What is required >> Each line below must be reproduced exactly as it stands. Pictures stay out of the copy.

Supplied information >>

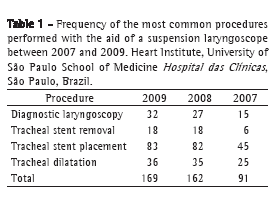 The addition of a rigid, 5-mm or 10-mm Hopkins-type endoscope, with a distal light source, or even of an endoscope commonly used for video-assisted laparoscopy/thoracoscopy attached to a video camera, allows excellent view and documentation of the airway during the procedure. The method can be an alternative for performing diagnostic and therapeutic tracheobronchial procedures when rigid bronchoscopy is unavailable. This makes it accessible to thoracic surgeons working in smaller facilities with limited resources and in referral centers requiring resource optimization in order to meet high demand. Since suspension laryngoscopy provides direct, selective access to the airway, it can be used similarly to rigid bronchoscopy for dilatation of high tracheobronchial stenosis, endoprosthesis insertion/removal, and resection of airway tumors, as well as for performing some procedures that are common in clinical practice, such as insertion and replacement of Montgomery T-tubes, as well as percutaneous tracheostomy.(4)
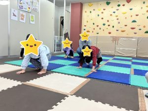 カエル→カエル跳び、クマ→手と足での4足歩行、オットセイ→足を伸ばし手の力だけで歩きます!!
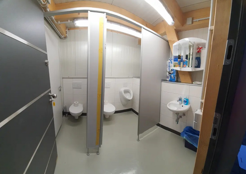Toilettenzugang mit Waschbecken und separatem Technikraum
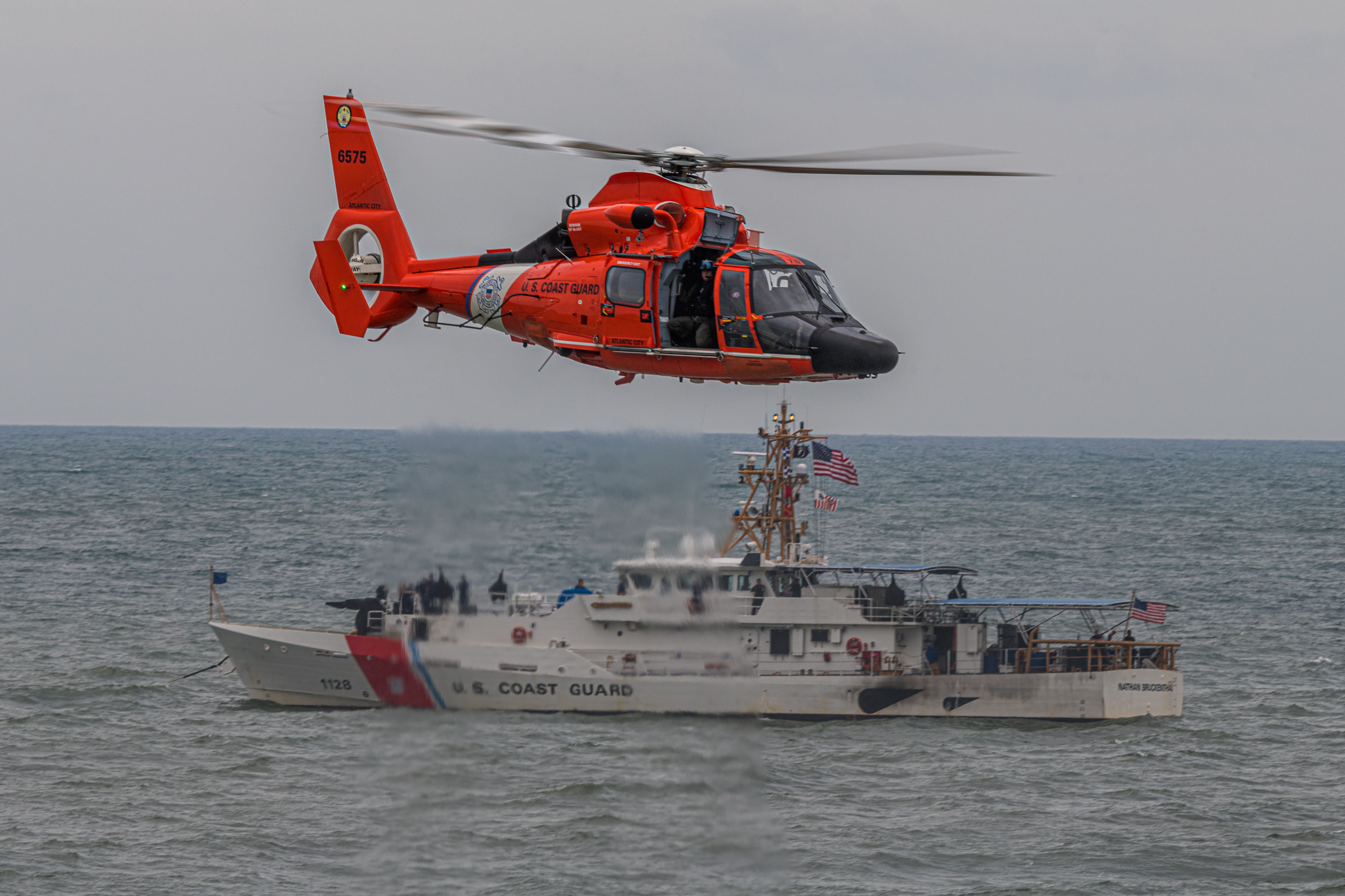 沿岸警備隊のヘリコプターは、ロータリーウィング&スペシャルミッション部門(CG-7112)によって管理されています。沿岸警備隊のロータリー翼艦隊の主力は、1980年代初頭から沿岸警備隊で奉仕してきたHH/MH-65イルカです。沿岸警備隊の州イルカは「…すべてのパンとバターを実施します…操作:SAR、ポートパトロール、海事調査、阻止。」

Problem solution >>
 The addition of a rigid, 5-mm or 10-mm Hopkins-type endoscope, with a distal light source, or even of an endoscope commonly used for video-assisted laparoscopy/thoracoscopy attached to a video camera, allows excellent view and documentation of the airway during the procedure. The method can be an alternative for performing diagnostic and therapeutic tracheobronchial procedures when rigid bronchoscopy is unavailable. This makes it accessible to thoracic surgeons working in smaller facilities with limited resources and in referral centers requiring resource optimization in order to meet high demand. Since suspension laryngoscopy provides direct, selective access to the airway, it can be used similarly to rigid bronchoscopy for dilatation of high tracheobronchial stenosis, endoprosthesis insertion/removal, and resection of airway tumors, as well as for performing some procedures that are common in clinical practice, such as insertion and replacement of Montgomery T-tubes, as well as percutaneous tracheostomy.(4)
 カエル→カエル跳び、クマ→手と足での4足歩行、オットセイ→足を伸ばし手の力だけで歩きます!!
Toilettenzugang mit Waschbecken und separatem Technikraum
 沿岸警備隊のヘリコプターは、ロータリーウィング&スペシャルミッション部門(CG-7112)によって管理されています。沿岸警備隊のロータリー翼艦隊の主力は、1980年代初頭から沿岸警備隊で奉仕してきたHH/MH-65イルカです。沿岸警備隊の州イルカは「…すべてのパンとバターを実施します…操作:SAR、ポートパトロール、海事調査、阻止。」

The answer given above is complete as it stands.